Mutmut
Mutmut

Reputation: 13

Can we get a better complexity than O(n) for cumulative sum while using multithreading?

I'm new to multithreading algorithms and I'm trying do recode cumulative sum function to get a better complexity than O(n).

Have you any hint? Or we can't get better than O(n)?

I tried to use divide and conquer method but didn't get the expected result.

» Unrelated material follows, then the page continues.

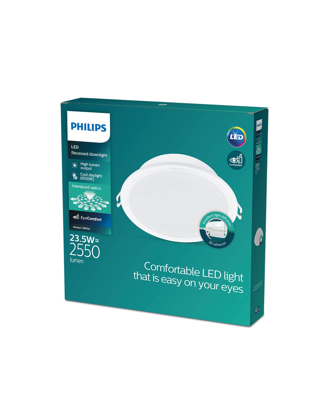Downlight de empotrar de led 23,5w 2550lm 6500k luz fria mod. meson. fabricado en plastico, color blanco, 15000h. angulo apertura 110° , irc80, no regulable medidas: ø21,5x10,5cm (diámetro/alto) enclavamiento ø20cm. grado de proteccion: ip20. + tension: 220-240v. philips

Tried with some parallel loop but not conclusive too.

Thanks for your help

Upvotes: 1

Views: 151

Answers (2)

orlp
orlp

Reputation: 117771

Wikipedia contains several parallel prefix sum algorithms, including one which runs in O(n log n / k) time if you have k parallel processors, which means the overall process can be O(log n) if you have n processors.

Upvotes: -2

zmccord
zmccord

Reputation: 2612

Well, very approximately speaking, if you have k cores and a very parallelizable problem (which this is), then you ought to be able to divide your time taken by k with parallelism.

Problem is, k is fixed, while n isn't. With k being constant, O(n/k) is the same thing as O(n). It'll go faster, but not asymptotically faster.

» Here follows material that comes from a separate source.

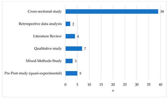 Cross-sectional studies made up the largest portion (n = 39, 65.0%) of the articles. The literature reviews included one systematic review, two scoping reviews and one integrative review. Furthermore, one congress paper, one dissertation and one master’s thesis were included. No randomized controlled trials were found to answer the research question. Figure 2 summarizes the included types of studies.
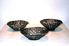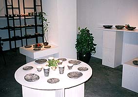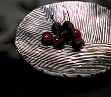 前回の個展の際、アフリカ・クバ族の草ビロードを 持参され、その美しさ・端正さを二人で堪能した。 「こんな作品が作りたいなあ・・・」 というわけで今井兵衛の新シリーズ発表! 皿・碗という単純なフォルムの表面 を白と黒のスト ライプ、ゼブラのような文様が意匠として施されて いる。実にミニマル!土の成分、焼成方法、釉薬、 テクスチャー、いたるところに技術の深さと研究心 を発見。真紅の花と果 実を粋に演出してみました。

In abstract principle, your divide-and-conquer algorithm might well run in O(log(n)) time, but it would require O(n) processors to do so.

Because k is fixed, multithreading an algorithm will never improve its asymptotic time, only the constant factors. Your parallel implementation might finish in one tenth the time or one twentieth the time the single-threaded implementation does, but not in log of the time or square root of the time.